Detailed Methods are provided in the online supplement.

Organoid culture

Human airway organoids used in this study were purchased from the Foundation Hubrecht Organoid Biobank (www.hubrechtorganoidbiobank.org, HUB code HUB-07-A2-051, normal lung) and were cultured following previously described protocols [10, 14]. The cells were derived from the left superior lobe (lower airway) of a 53-year-old female donor with no underlying lung disease.

Apical-out polarity switch and mucociliary differentiation of healthy airway organoids

The polarity of the organoids was switched as described by Co et al. [15]. After two days of culturing the organoids in suspension, mucociliary differentiation of organoids was initiated as described by Zhou et al. [16] with the following adaptations: Expansion medium was changed to PneumaCult™-ALI medium supplemented with 2 IU/mL Heparin, 1 µM Hydrocortisone and 10 µM DAPT (Sigma, Cat#D5942). The organoids were then cultured in suspension in a differentiation medium for 16 days.
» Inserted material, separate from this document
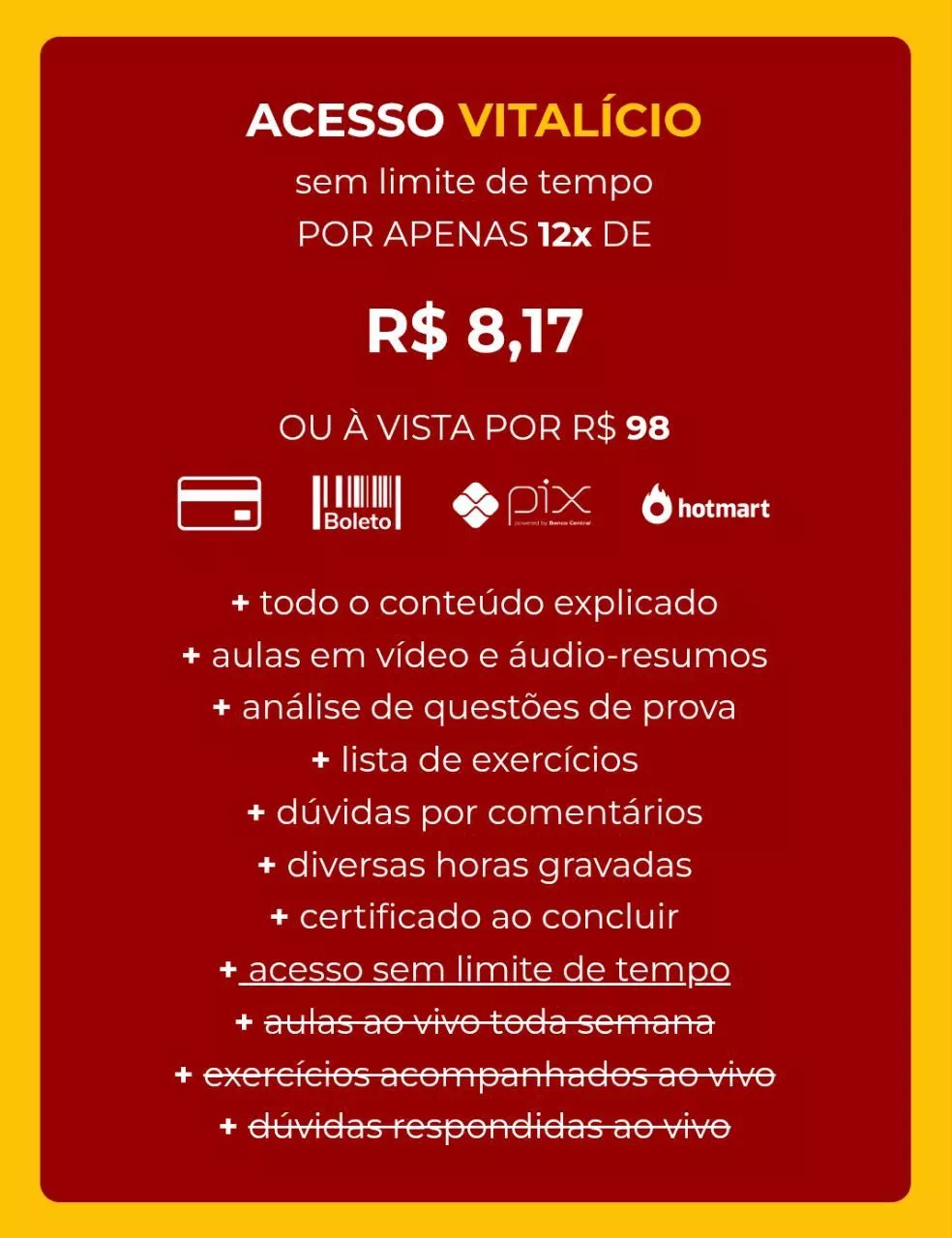 Você terá: todo o conteúdo explicado, aulas em vídeo e áudio-resumos, análise de questões de prova, lista de exercícios, diversas horas gravadas, certificado ao concluir, espaço para você tirar dúvidas comigo nos comentários dos vídeos, e encontros extras ao vivo que ficam gravados.

Bacterial strains and growth conditions

All experiments were conducted with the Pseudomonas aeruginosa PA14 strain, which was generously provided by Dr. Dirk Bumann, Biozentrum Basel, Switzerland. Bacterial cultures were grown as previously published [17].

For experiments with heat-inactivated PA14, bacteria were incubated at 70 °C for 20 min. To confirm the absence of viable bacteria, an aliquot of heat-inactivated PA was plated onto LB plates. In experiments with bacterial cell-free culture supernatant, an overnight culture of PA was centrifuged at 2.000 rcf for 10 min at 4 °C and supernatant was harvested, sterile filtered (0.2 µM), snap-frozen and stored at -80 °C until further usage.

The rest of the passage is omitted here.